Rhys Davies (9 November 1901 – 21 August 1978) (born Vivian Rees Davies) was a Welsh novelist and short story writer, who wrote in the English language.
One of the most prolific Welsh prose writers of the 20th century, Davies wrote approximately one hundred short stories, as well as twenty novels, three novellas, two books about Wales and an autobiography. Though he lived largely in London, Davies' work is often set in Wales, typically either in a fictionalised Rhondda or further west in his rural stories.

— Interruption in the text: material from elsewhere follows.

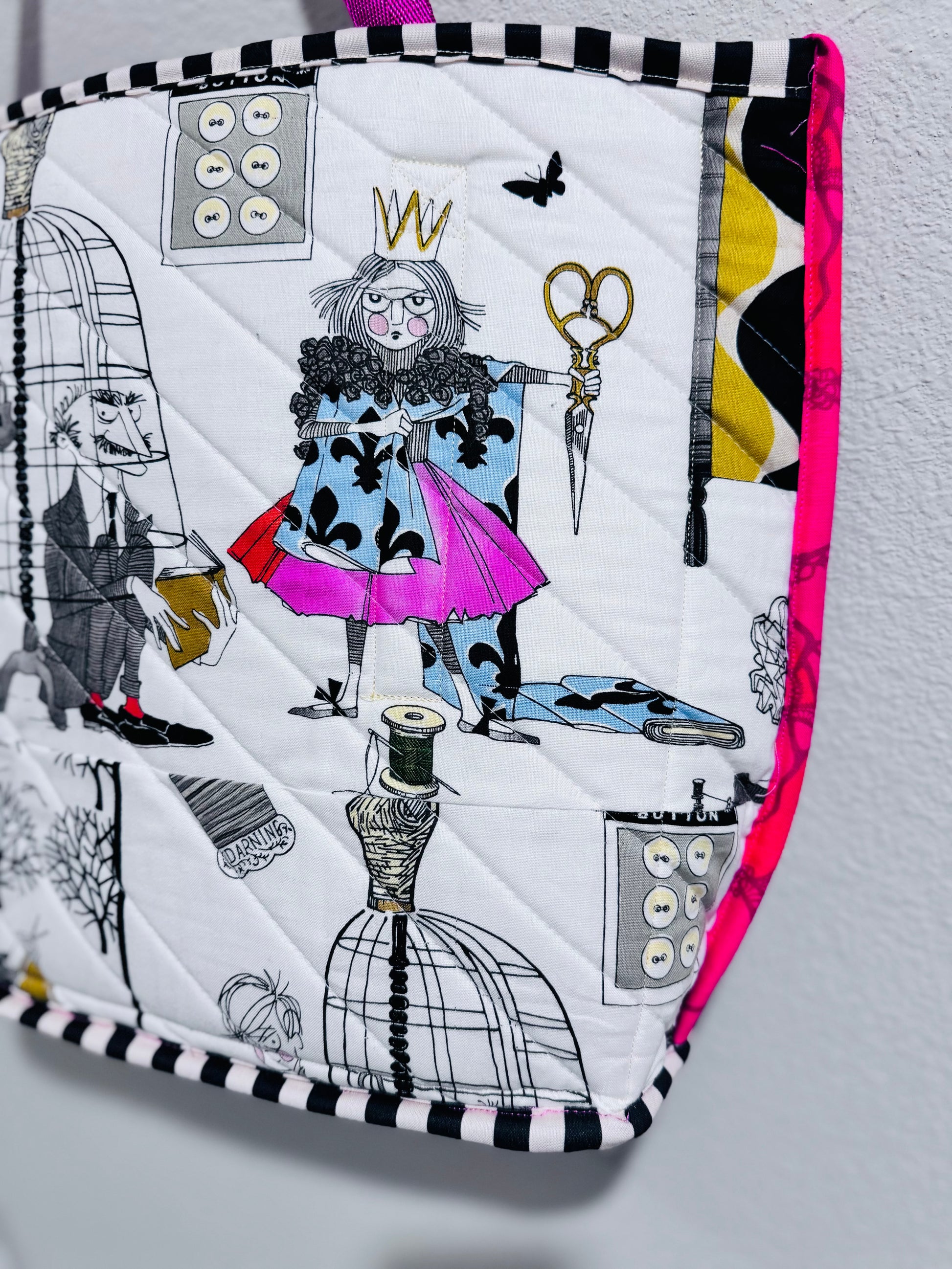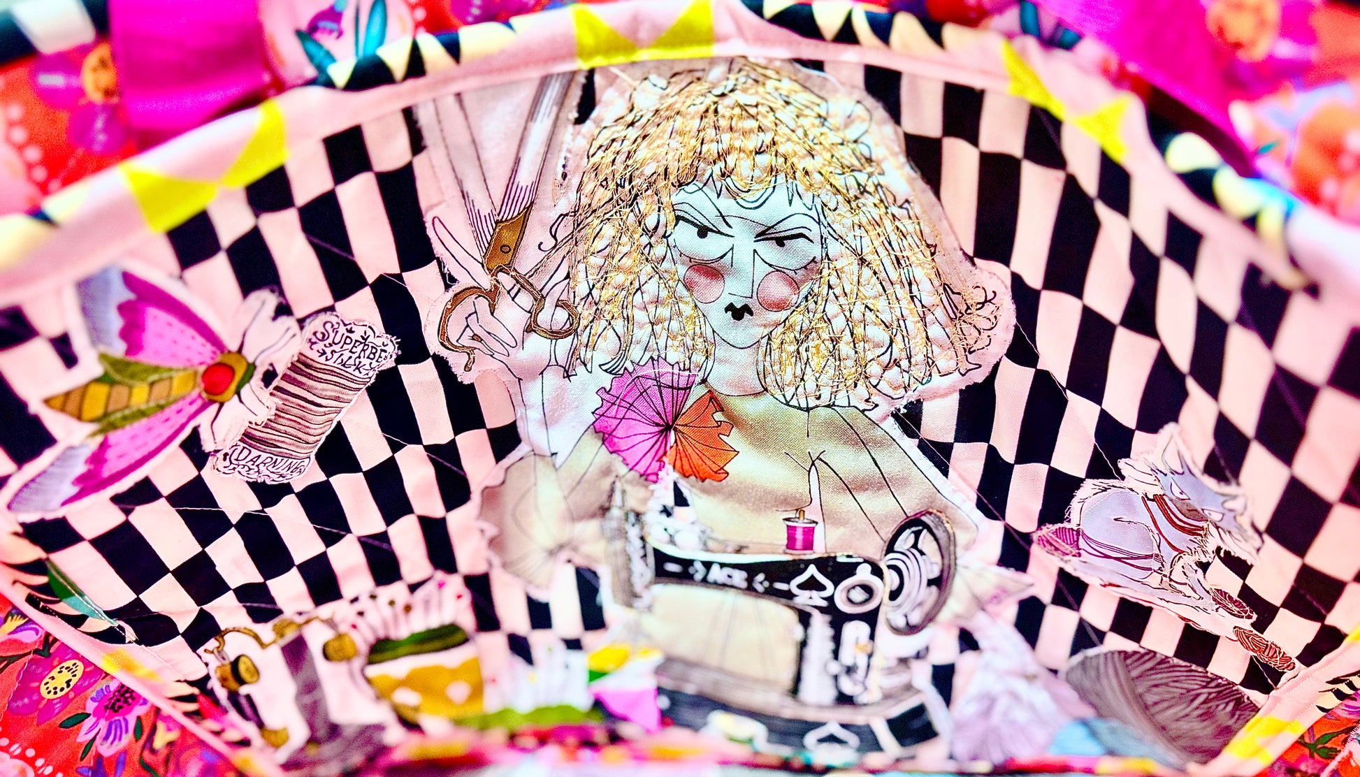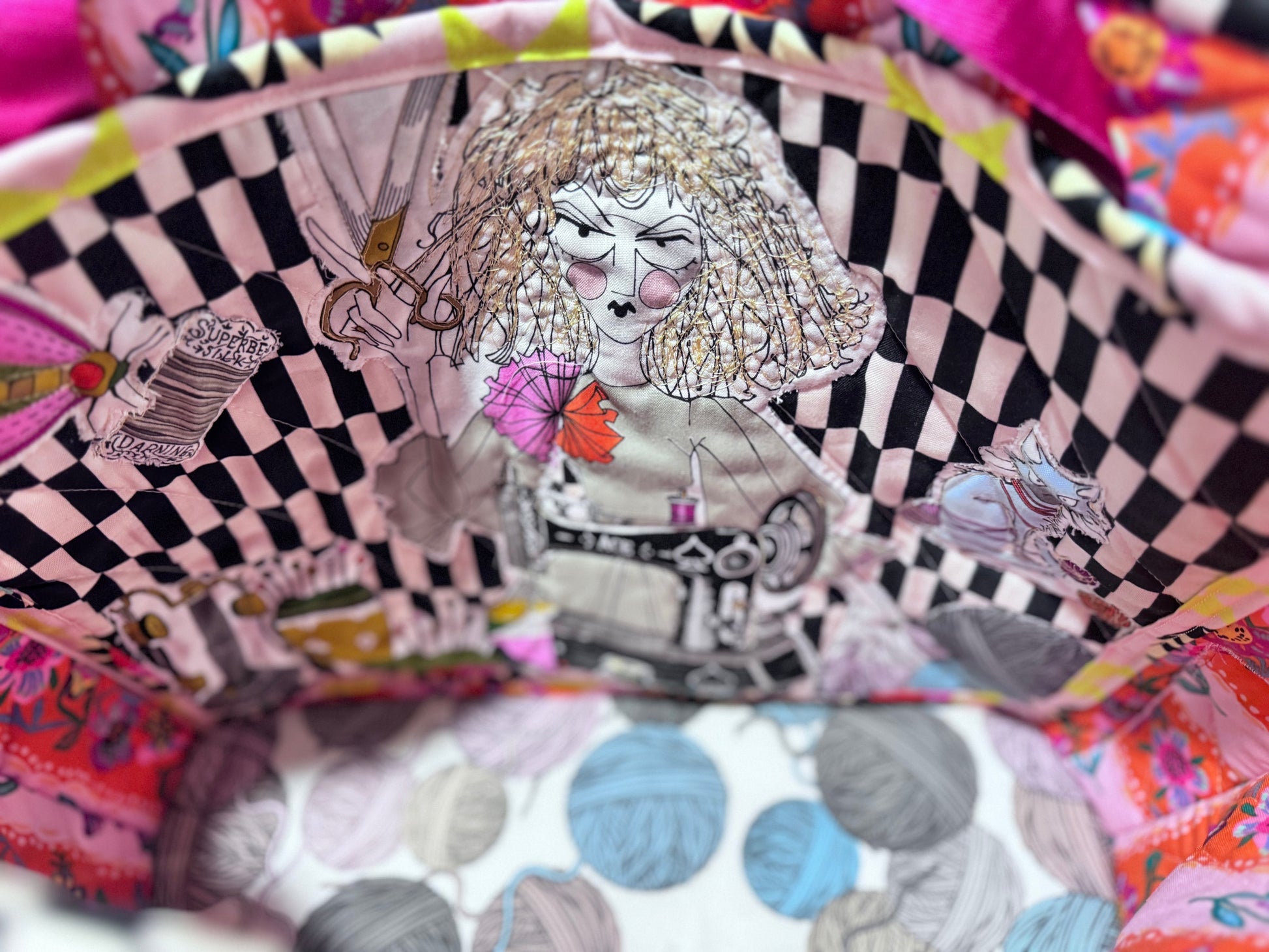 It features two of the Ghastlie Craft main Character holding the scissors - one is on the front the other is on the pocket and embroidered and all the whimsical Ghastlie characters and fun that the print is known for. The Pocket is heavily appliquéd and embroidered . The bottom features a fun print from the Kaleidoscope collection of Annabel Wrigley.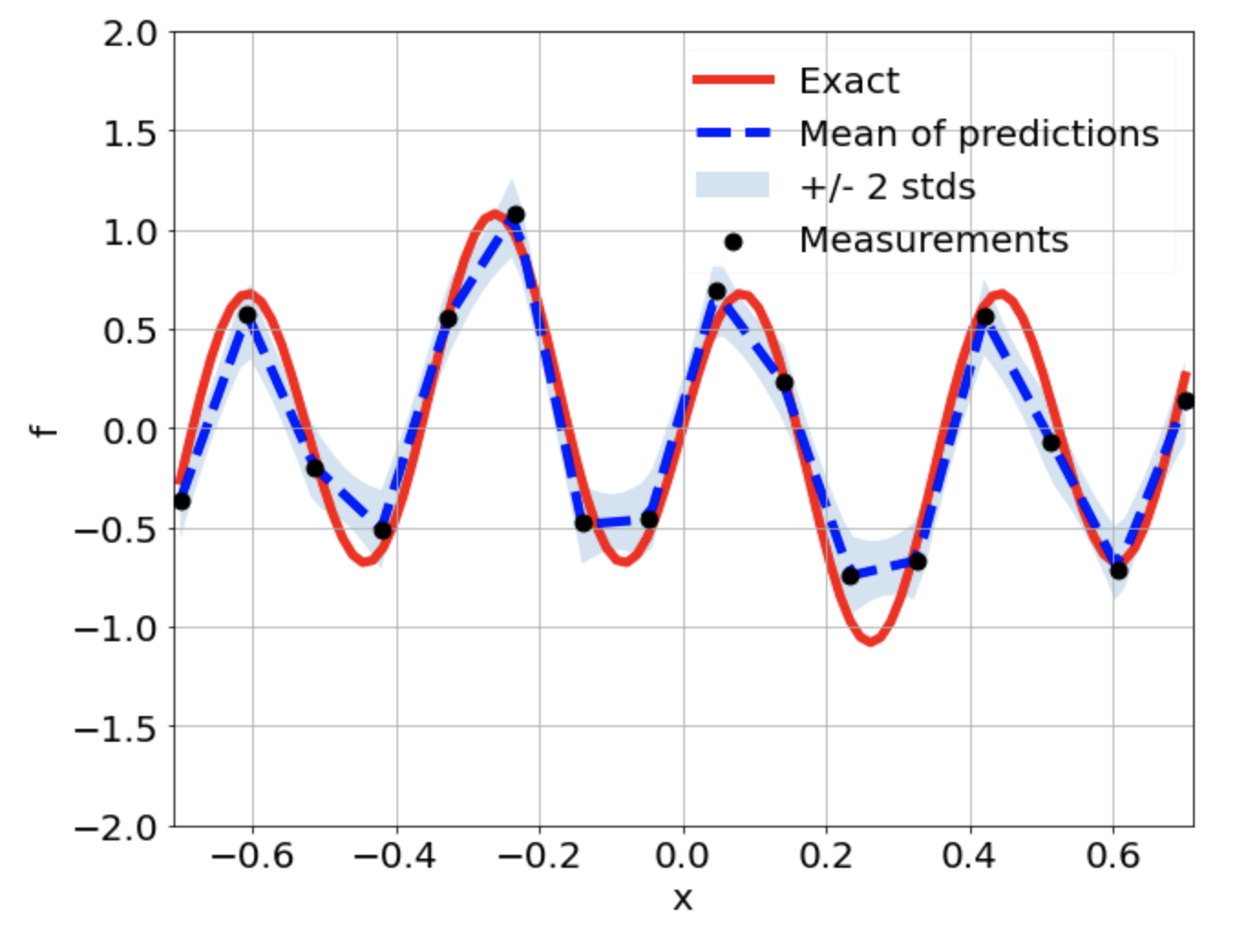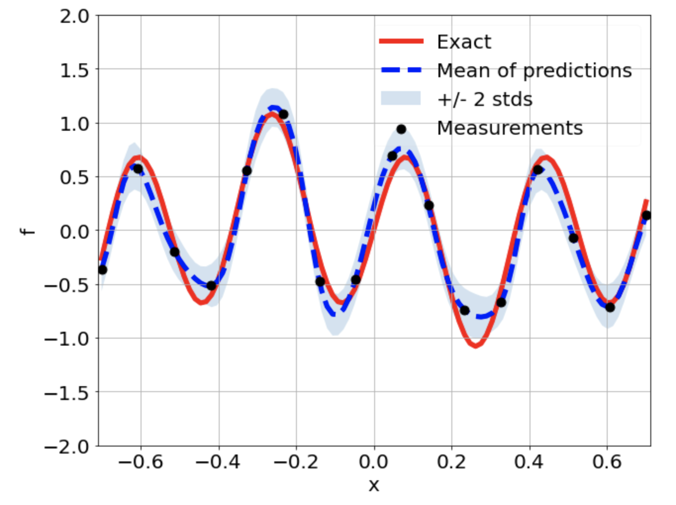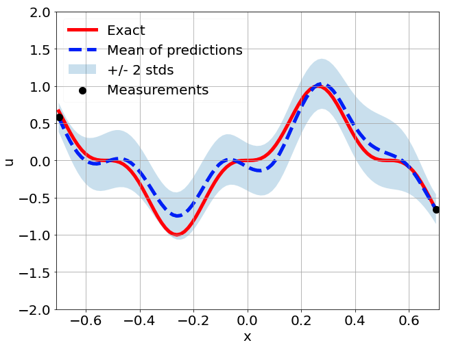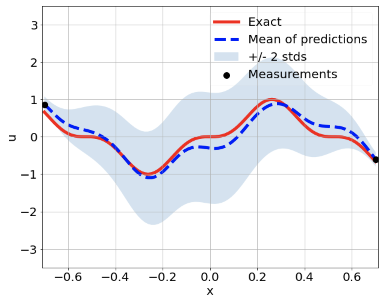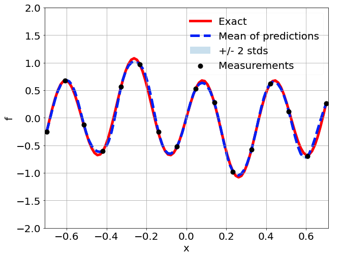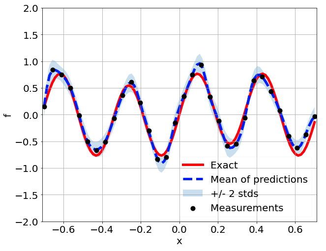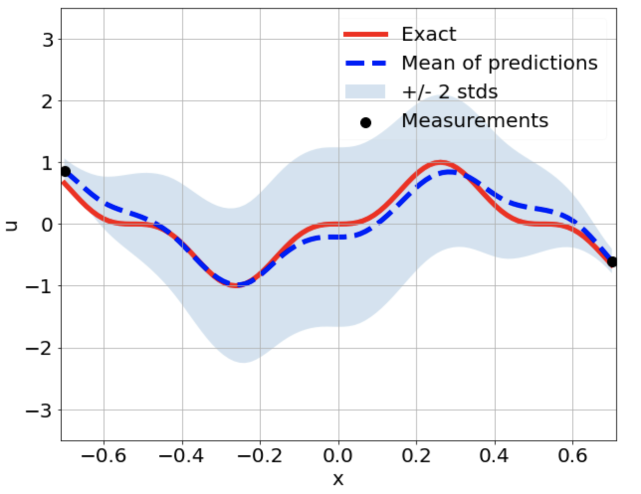 \[ \begin{gathered} \lambda \frac{\partial^2 u}{\partial x^2} + k \tanh(u) = f, \qquad x \in [-0.7, 0.7] \end{gathered} \] where \(\lambda = 0.01\).

Davies was born on 9 November 1901 in Blaenclydach, a side-valley of the Rhondda. His father was a grocer and his mother a schoolteacher. His parents spoke Welsh, but did not pass it on to Rhys or his siblings. Rhys Davies's younger brother, Lewis Davies, was a Welsh librarian and philanthropist. As a child he attended Gosen Chapel, and later switched to St Thomas's Church, but ultimately declared himself an atheist in later life. He attended Porth County School, but left at fourteen and worked for his parents' shop. He briefly worked in Cardiff at a corn-merchant's warehouse before moving to London, where he began his literary career with the publication of a number of short stories. The publisher Charles Lahr published some of Davies' early work in The New Coterie, a small avant-garde magazine. In 1927 Davies published his first short story collection The Song of Songs and first novel The Withered Root. The Withered Root had a favourable critical reception, receiving good reviews and published in an American edition. He received an advance for his second novel that helped him remain a full-time writer.
It was at this time (1928–29) that Davies was invited to stay with D. H. Lawrence and Frieda Lawrence in France. Their meeting has been dramatised in Sex and Power at the Beau Rivage (2003), a play by contemporary Welsh author Richard Lewis Davies. Rhys Davies smuggled a manuscript copy of Lawrence's Pansies into Britain and arranged for it to be published by Charles Lahr. Though Lawrence's death in March 1930 made their friendship a brief one, Lawrence appears to have been an important influence on Davies' work. Davies was homosexual, though he never wrote publicly about his own sexuality.